◆ Task item: Copy out the lines beginning at the one with "Blonde old women pleases an young guy" and ending at the last line of the data, both included; pictures stay out.

◆ Data shown:
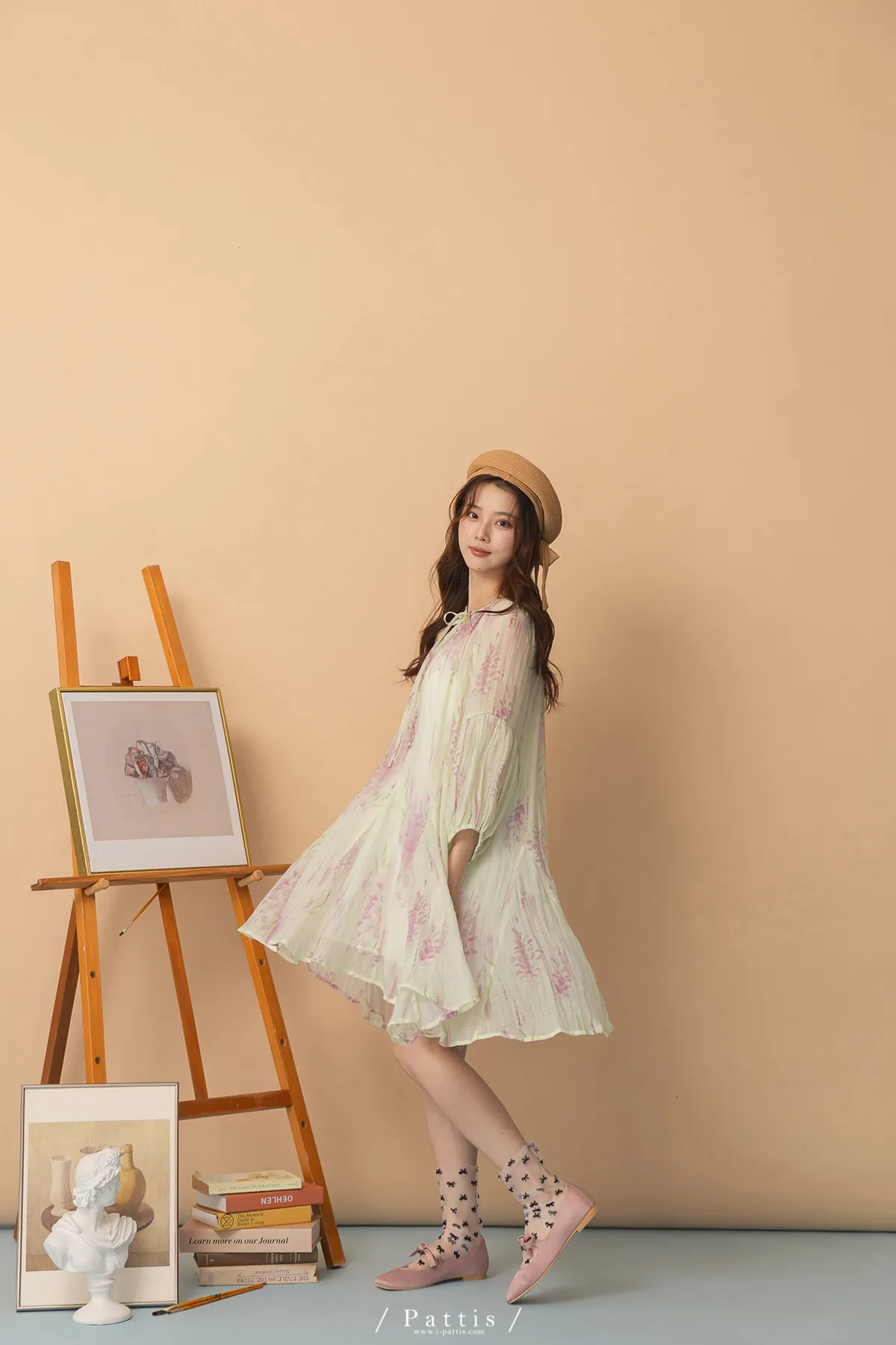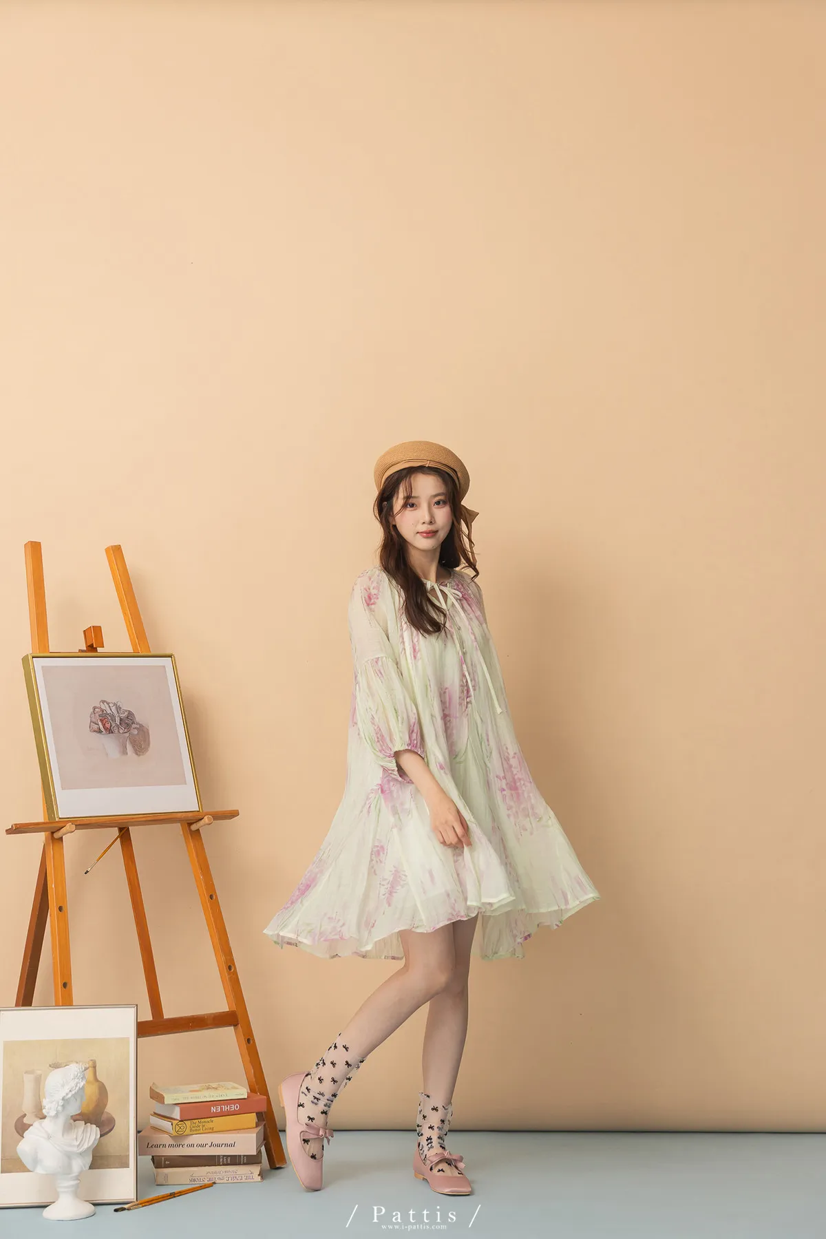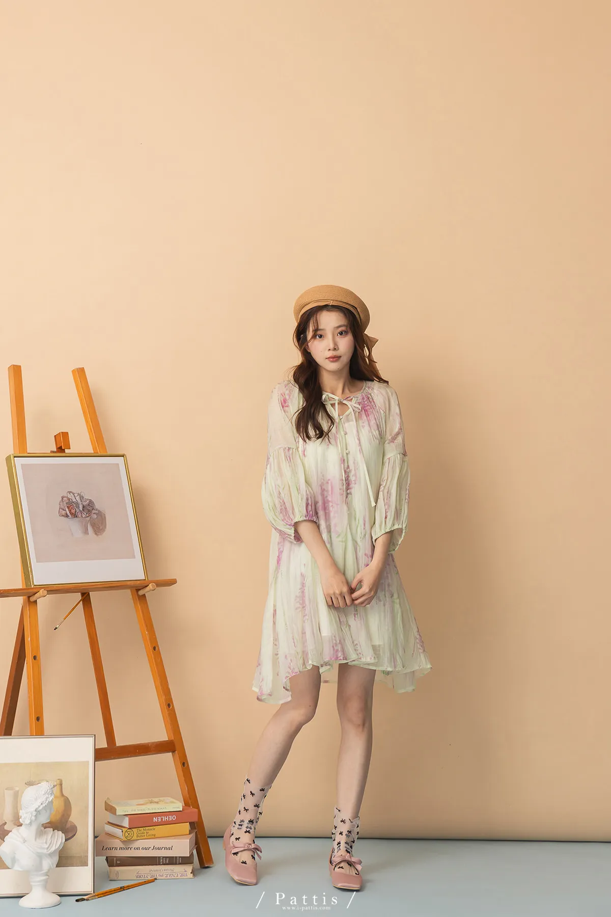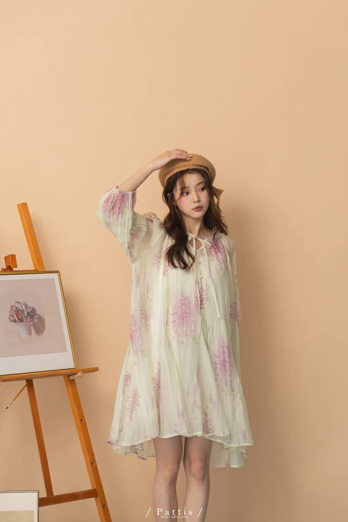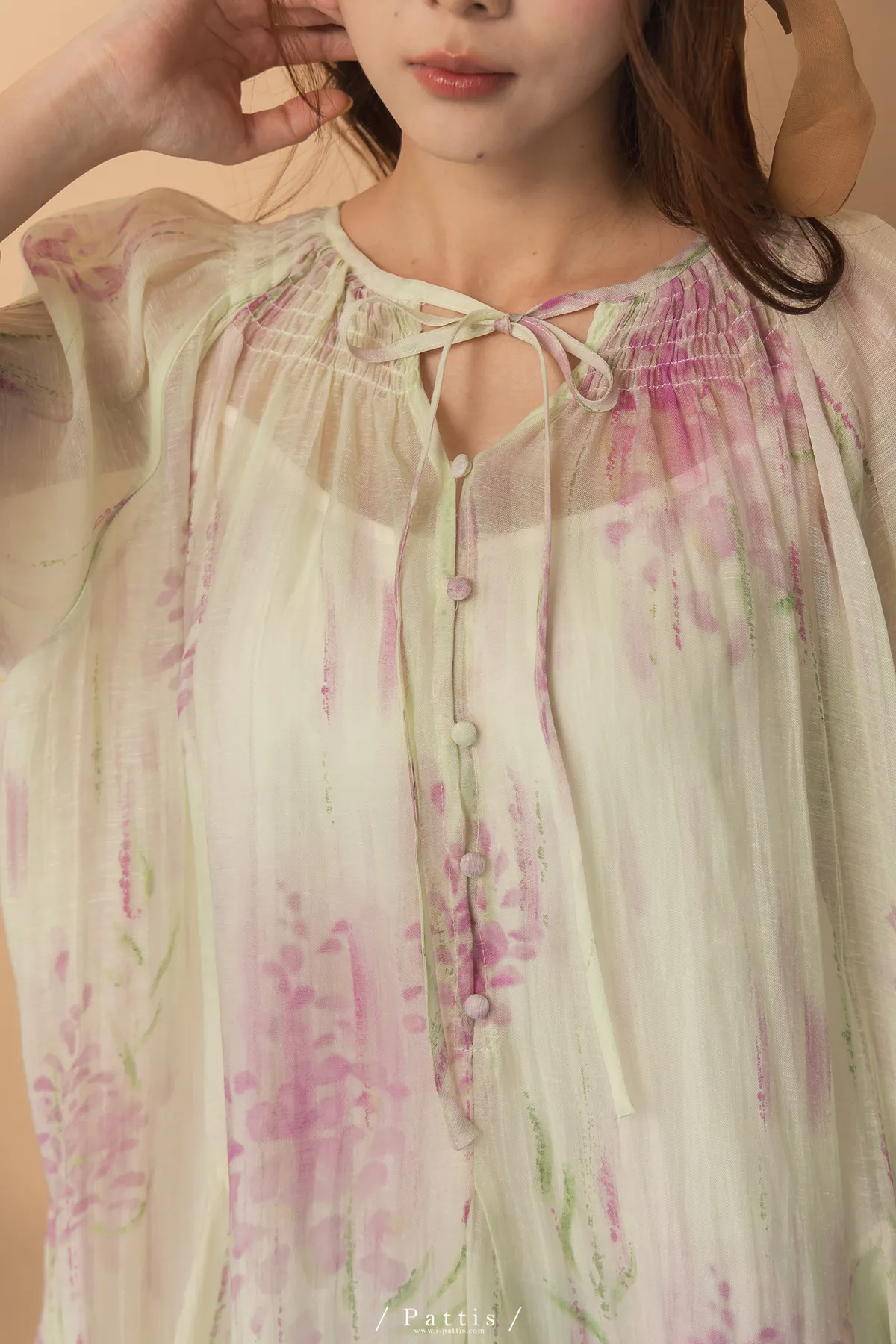 廣州選品-渲染印花綁帶澎袖壓摺洋裝+內襯set組(單一色)
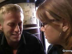 Blonde old women pleases an young guy
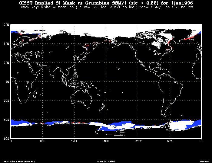 Both the GISST2.2a and OISST data sets contained internal sea ice masks (SST ~ -1.8 C) derived from different sources. Furthermore, these internal masks differed from that in the Nomura/Grumbine SIC. Thus, the SST and SIC used in reanalysis could conflict. For example, the OISST might have a point which is sea ice (-1.8 C) but the SIC data has the point as open ocean. Conversely, the SIC might define a point as being ice, but the SST would be warmer than the sea ice temperature.The problem is illustrated for the daily analyses of 1 January, 1996. The white boxes show where the original SIC and SST data were defined as sea ice using 0.55 as the threshold value for the mask. The blue boxes show where the SIC analysis defines open ocean but the OISST is sea ice, and the red boxes where the OISST is open ocean and the SIC analysis indicates sea ice. The greatest areal extent of the conflicts occur in the southern ocean although the difference in SST between the original and purified SST analysis is not large. In the Arctic, we find more unfrozen points in the OISST where the SSTs are considerably warmer that sea ice.
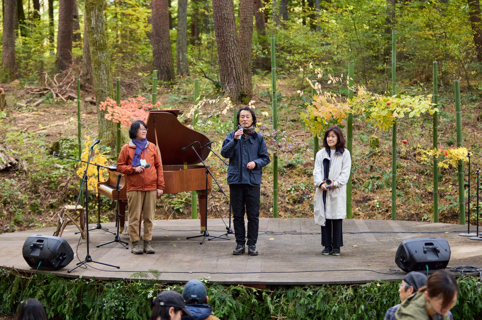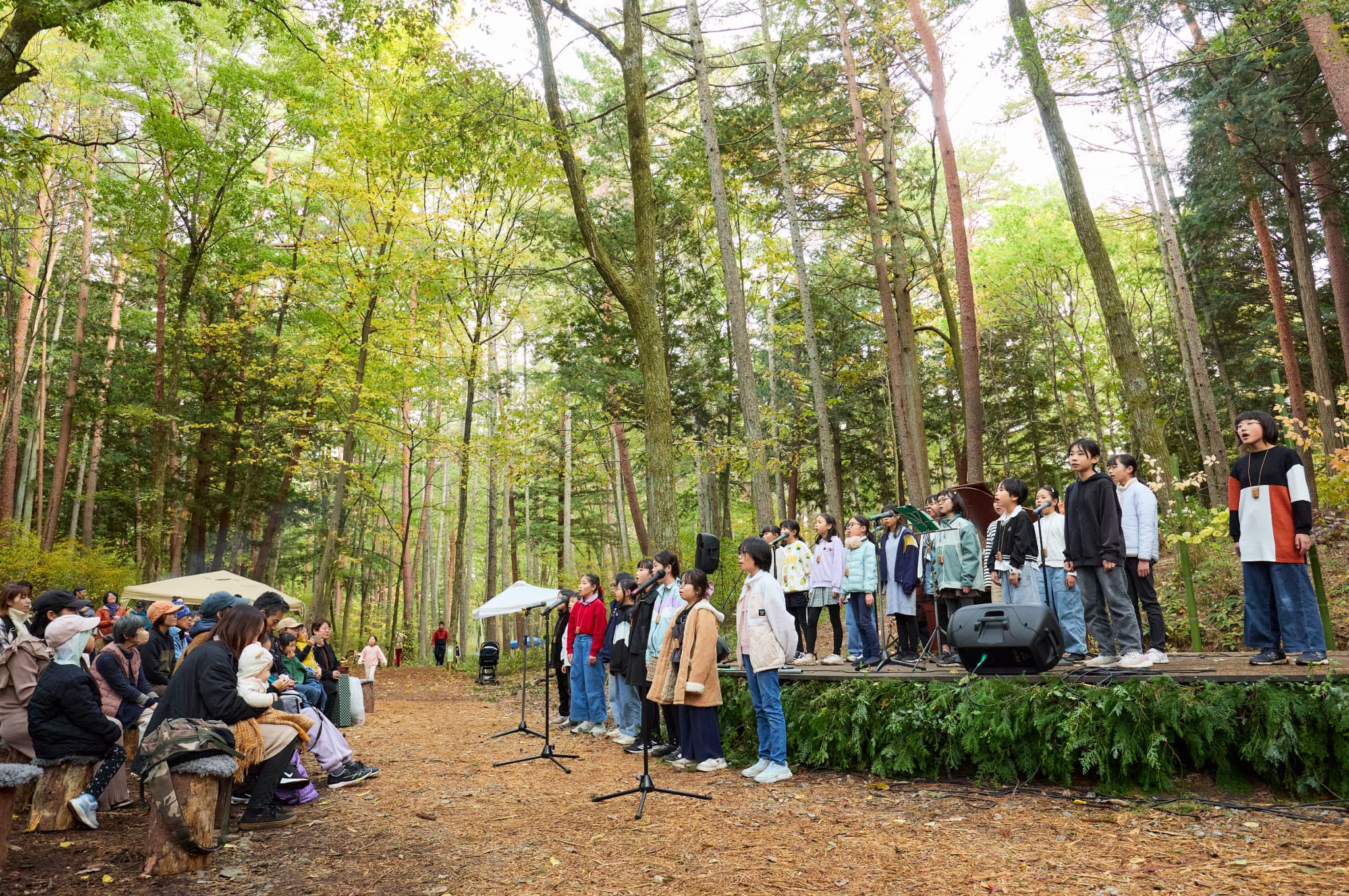 少し肌寒い花曇りの日でしたが、まっすぐな歌声が響いた瞬間、場の空気は自然と明るくやわらいでいきました。深みのある演奏から、はつらつとした歌声へ。その変化は、ひとつの色から次の色へ、そっと移っていくようでした。 観客も森も、その流れに魅了されていきます。

◆ Response area:
 Blonde old women pleases an young guy
 Both the GISST2.2a and OISST data sets contained internal sea ice masks (SST ~ -1.8 C) derived from different sources. Furthermore, these internal masks differed from that in the Nomura/Grumbine SIC. Thus, the SST and SIC used in reanalysis could conflict. For example, the OISST might have a point which is sea ice (-1.8 C) but the SIC data has the point as open ocean. Conversely, the SIC might define a point as being ice, but the SST would be warmer than the sea ice temperature.The problem is illustrated for the daily analyses of 1 January, 1996. The white boxes show where the original SIC and SST data were defined as sea ice using 0.55 as the threshold value for the mask. The blue boxes show where the SIC analysis defines open ocean but the OISST is sea ice, and the red boxes where the OISST is open ocean and the SIC analysis indicates sea ice. The greatest areal extent of the conflicts occur in the southern ocean although the difference in SST between the original and purified SST analysis is not large. In the Arctic, we find more unfrozen points in the OISST where the SSTs are considerably warmer that sea ice.
 少し肌寒い花曇りの日でしたが、まっすぐな歌声が響いた瞬間、場の空気は自然と明るくやわらいでいきました。深みのある演奏から、はつらつとした歌声へ。その変化は、ひとつの色から次の色へ、そっと移っていくようでした。 観客も森も、その流れに魅了されていきます。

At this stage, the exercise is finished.